Alle origini origini di una gara storica che ha lasciato come eredità un tracciato di scialpinismo sicuro e divertente nel cuore delle Dolomiti di Brenta.
Carlo Brena
Dici Tre Tre e pensi immediatamente a Madonna di Campiglio, alle vittorie di Ingemar Stenmark e alle folle oceaniche degli anni 90 per vedere Alberto Tomba, alle riprese video in notturna e al prestigio di una gara che è entrata nella storia. Ma la storia, o meglio la genesi, della 3Tre nasce ben prima del 1967, l’anno d’esordio.
LE ORIGINI DI UNA GARA
Siamo negli anni del dopo guerra, una Italia da ricostruire, da far rinascere dalle macerie di un conflitto che ha lacerato gli animi, ma che non è riuscito a sradicare la passione per lo sci nelle vallate alpine. E così sulle ceneri del conflitto mondiale, nasce in Trentino un piccolo circuito di gare composto da un trittico di prove: uno slalom speciale a Serrada di Folgaria, un gigante sulle nevi del Monte Bondone e una discesa libera a Fai della Paganella, e questo piccolo campionato trentino di combinata, prende il nome di Tre Tre. Nella prima tappa del 1950 si schierano ben 57 atleti in rappresentanza di Italia, Germania, Austria, Jugoslavia, USA e persino Turchia, perché l’eco delle competizioni valica ben presto i confini della provincia di Trento, tanto da richiamare l’attenzione e la partecipazione dei più forti sciatori dell’epoca, tra cui il trentenne Zeno Colò, che vince le prime due prove della Tre Tre ma non si presenta al via della terza gara al Bondone, perché già in viaggio verso i mondiali di Aspen, negli Stati Uniti, dove vincerà la discesa libera e il gigante, e l’argento nello slalom speciale.

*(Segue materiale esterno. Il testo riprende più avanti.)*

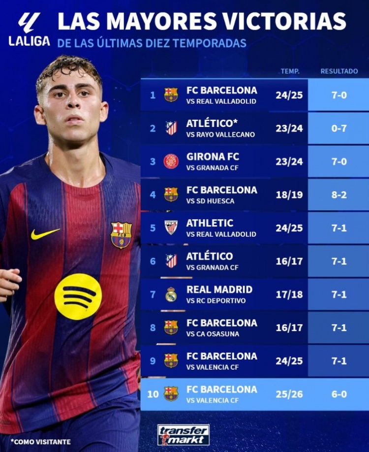 西甲近10赛季最大比分赢球:巴萨5上榜,瓦伦西亚两次成配景板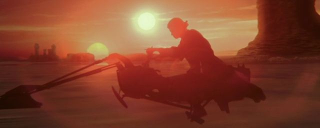 Lors d'une séquence inoubliable, portée par l'épique partition d'un John Williams particulièrement inspiré, le jeune Jedi enfourche alors un speeder et s'élance à travers les dunes de Tatooïne, défiguré par la colère et par un incontrôlable désir de vengeance. Sous les rayons rouges des deux soleils couchants, il traverse des canyons, sillonne des plaines, interroge des témoins Jawas.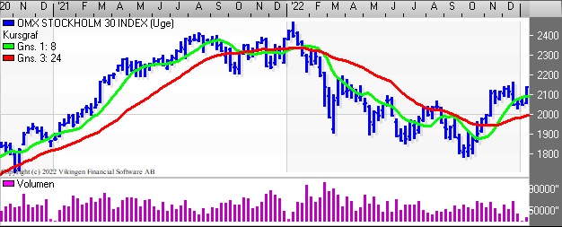 OMX Stockholm 30 holder fast i købssignalet i Bollingerkanalen som blev etableret ved årsskiftet på dagsniveauet. De glidende gennemsnit på 8 og 24 dage er tæt på at etablere et Golden Cross på dagsniveauet.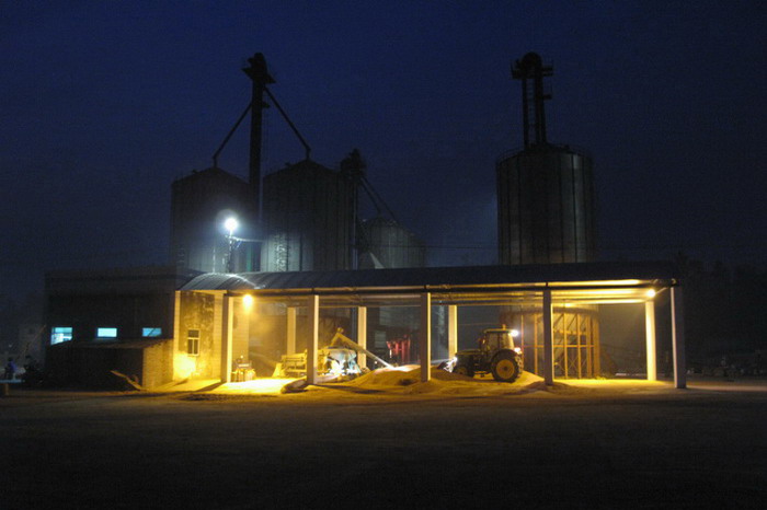 午收的主战场在第一农管区。农场密切关注麦情雨情,厉兵秣马,进入临战状态。6月8日上午接到当地气象部门预报,6月10日前后有“对流云团活动,可能发生较强降水”。雨情就是命令,当日下午五时许,指挥部正式发布第一农管区午收动员令,晚上7时前,所有管理人员迅速向种子公司晒场和地头集结,短短半小时内,第一批6台大型收割机下地作业,紧接着,8台、10台、15台……田野里机声隆隆,晒场上人声鼎沸,种子公司计量窗口更是一片忙碌的景象。蚊虫叮咬,尘土飞扬,瞌睡虫也在折腾着人的精力。大家克服疲劳,日夜轮转,与时间博弈,与天气抗争,没有人请假,没有人叫苦。10日晚乌云密布,不时洒下一阵一阵的雨点,一次次抢场、又一次次恢复机收作业,为应对变化的天气,该场从兄弟龙亢农场紧急调运7台收割机驰援,于10日夜开展“人机大会战”。每个人心里都在反复默念一个字:“抢!抢!抢!”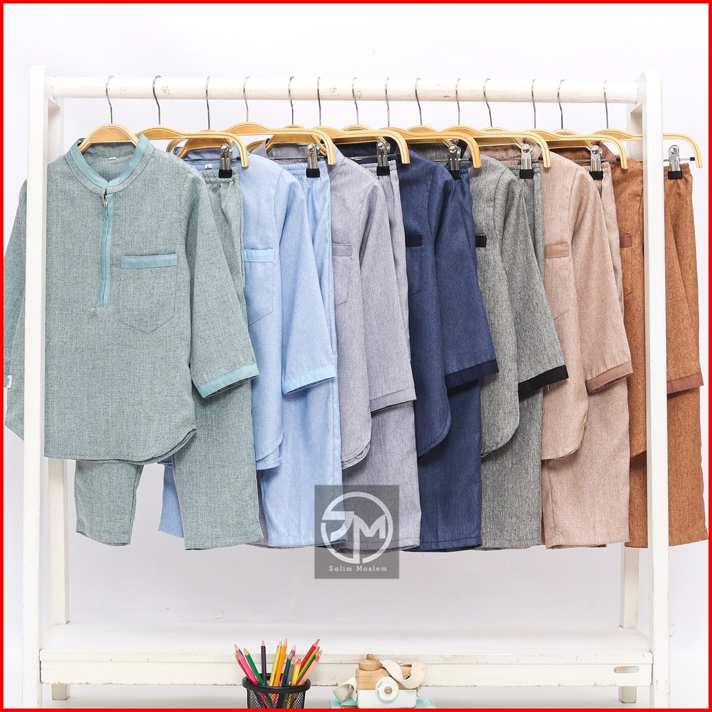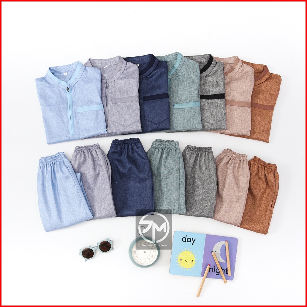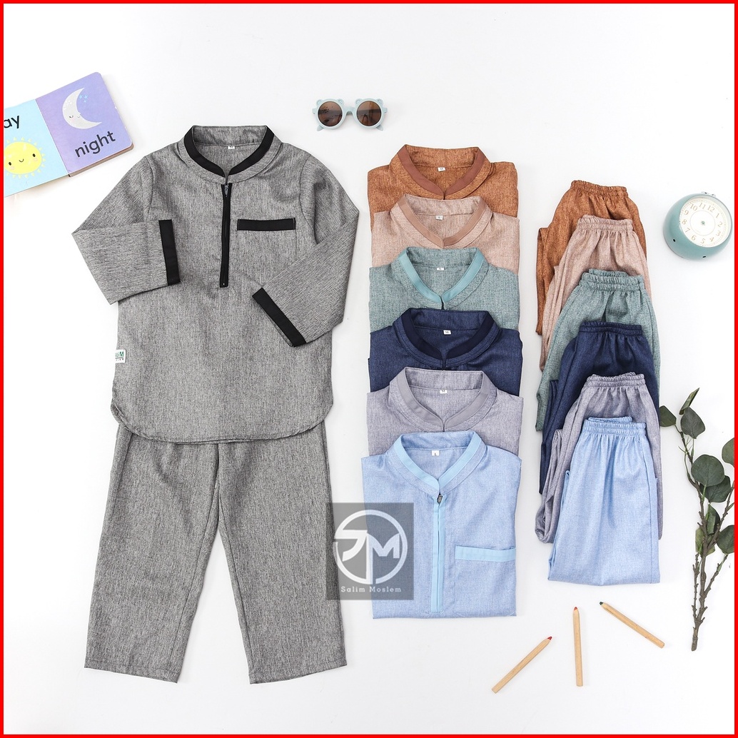 Salim Moslem Koko Anak Laki-lak Koko Set Anak Lengan Panjang List Baju Setelan Anak Laki-laki Katun Madina 1-12 Tahun
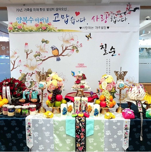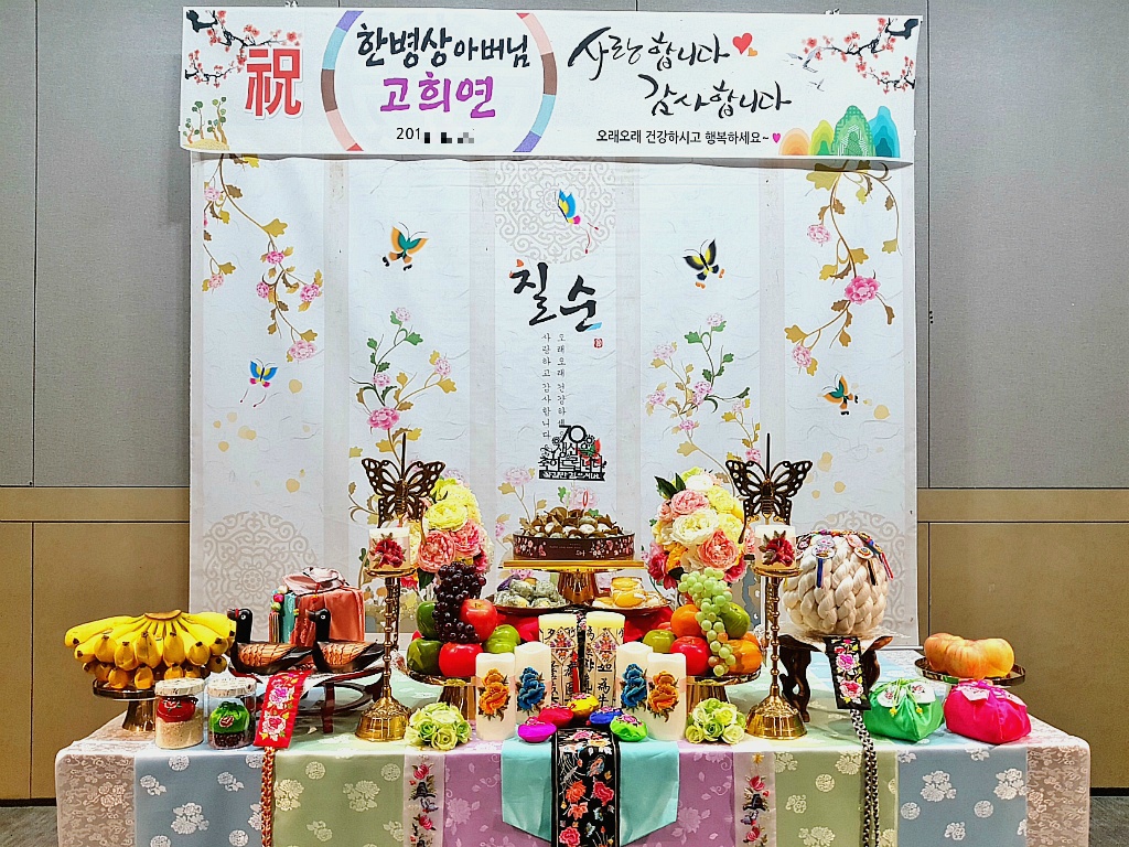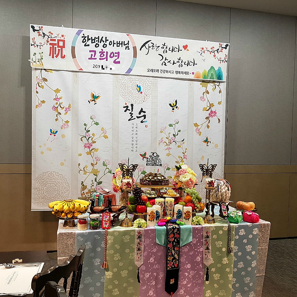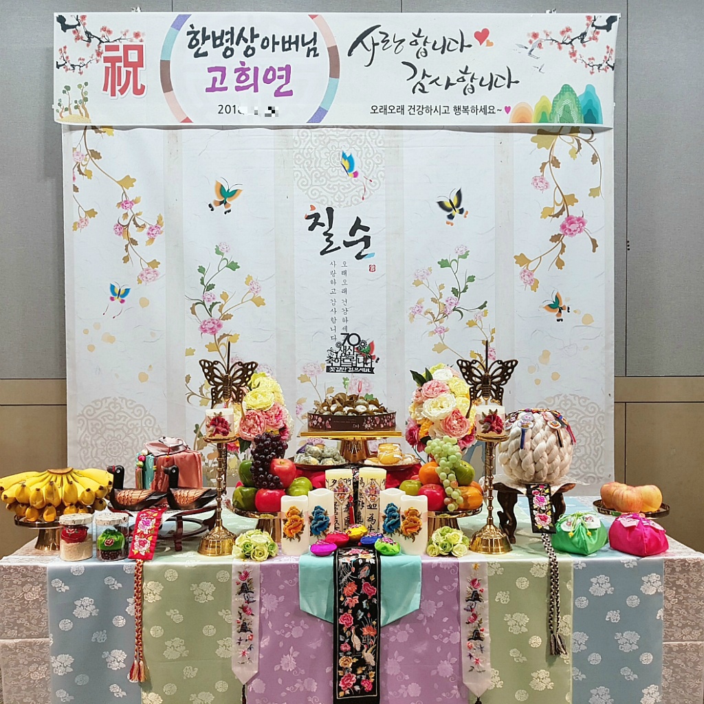 소규모 칠순잔치 대여 출장 진행으로 진행한 아버님의 (환갑, 팔순 ) 칠순상차림대여 진행으로 간편하게 진행했어요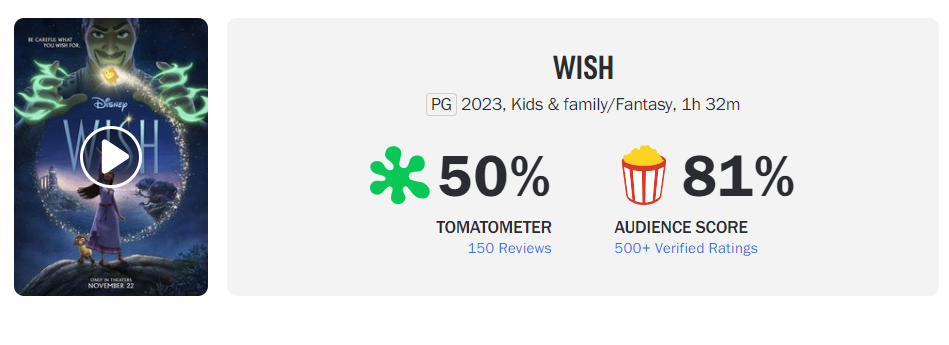 截至《星愿》上映前,迪士尼电影2023年在全球范围内的总票房约为14.08亿美元,比2020年至2022年每年的全年票房高,但远不及2019年和2018年的37.42亿美元和31.35亿美元。此外,据Variety报道,《星愿》不包含宣发费用的制作成本约2亿美元,就目前的表现而言,《星愿》甚至回本艰难,“许愿星”似乎没有像支持亚莎一样回应迪士尼的愿望。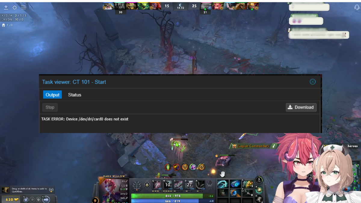 Since the LXC configuration is hardcoded to use card0, every time the real GPU lands on card1, the container fails to find the device and throws the error.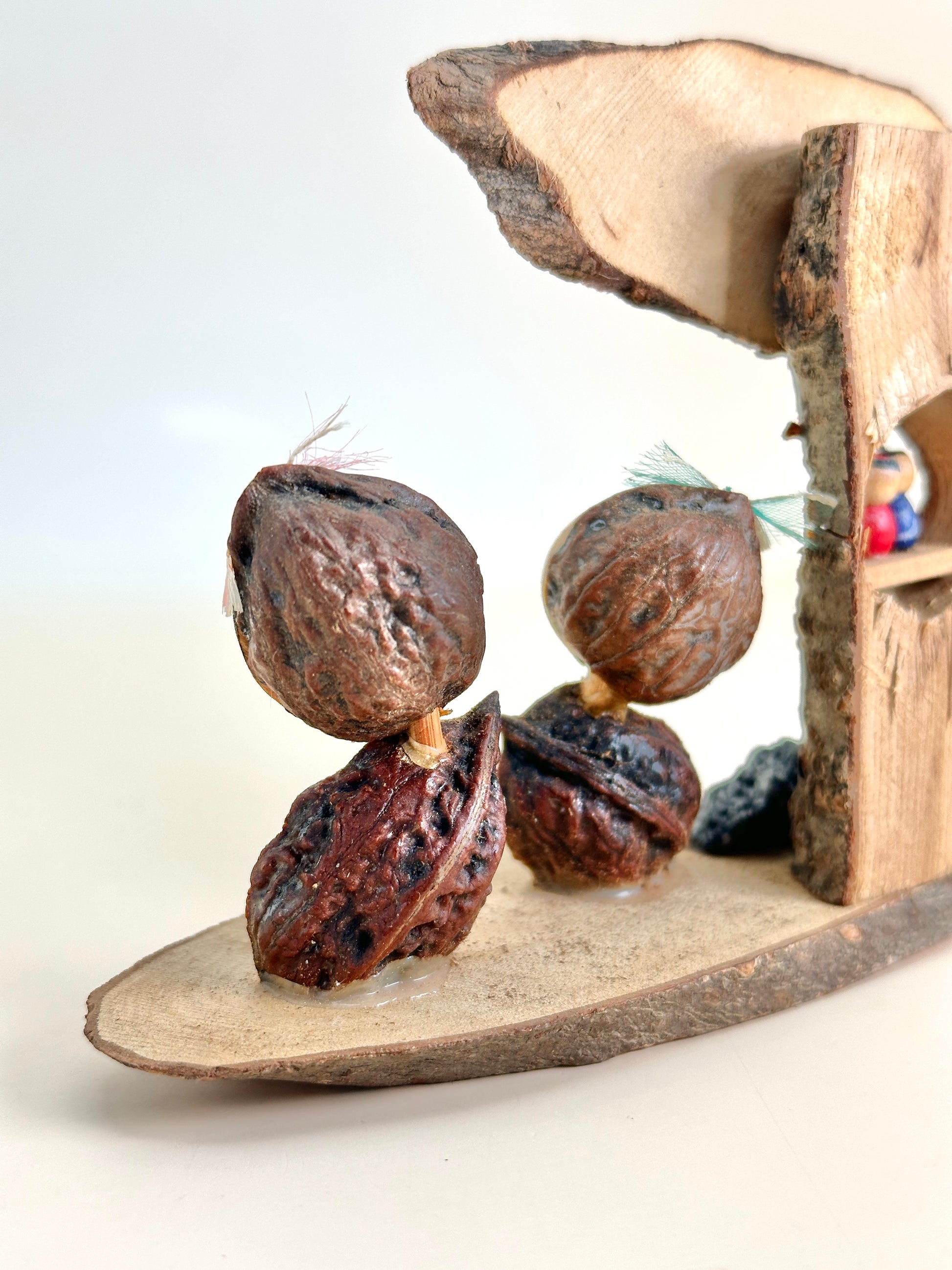 This omiyage kokeshi set titled「お山の子」(Oyama no Ko – “Children of the Mountain”) captures the warmth of rural childhood life in the mountains of Japan. Crafted from natural materials including raw wood slices and walnut shells, the set features two adorable hand-painted kokeshi children with walnut shell bodies and feather-like accents for hair, giving each figure a distinct personality.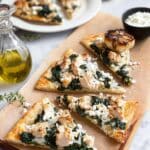 Keywords: Greek flatbread, homemade tzatziki, Mediterranean chicken, flatbread dough, roasted garlic, sautéed spinach, feta cheese, marinated chicken

Ma tornando indietro a quel giorno del 1950, Zeno Colò conquista la vittoria con oltre 15 secondi sul cortinese Alverà, in una gara in cui regole, norme e sistemi di sicurezza sono molto lontani da quelli odierni: sbaglia colui che si immagina la libera di Fai della Paganella come una prova veloce dei giorni nostri, perché siamo andati a ripercorrere il tracciato originale e abbiamo scoperto aspetti di quelle competizioni che ci hanno messo i brividi.
GRANDI ATLETI O SUPEREROI?
Innanzitutto, l’aggettivo ‘libera’ sta proprio a indicare la massima libertà di interpretazione del tracciato: «Di obbligatorio c’era partenza e arrivo, poi quello che stava in mezzo, che tipo di traiettorie, che passaggi nel bosco, ognuno faceva un po’ quello che voleva». A parlare è Renato, un simpatico signore cresciuto all’ombra delle Dolomiti di Brenta prima come boscaiolo e ora dedito al bar di famiglia, e che si prende cura di un piccolo casolare proprio sul tracciato della Tre Tre. Intorno a una bottiglia di bollicine Trento DOC ci racconta qualche aneddoto, come le memorie un po’ offuscate di suo padre che trascorse qualche sera con Colò a bere vino, giocare a carte e fumare qualche sigaretta senza filtro. «Non sarebbe da dire, ma quando scendevano i concorrenti stranieri, i tifosi locali mettevano rami di pini sul tracciato per poi toglierli al passaggio degli italiani» sorride Renato. E poi gli attrezzi, aste di legno piegate al calore di acqua bollente, attacchi Kandahar, e scarponi di pelle con chiusura a lacci, tralasciando il livello di preparazione fisica di quell’epoca. Altri tempi, altre gare.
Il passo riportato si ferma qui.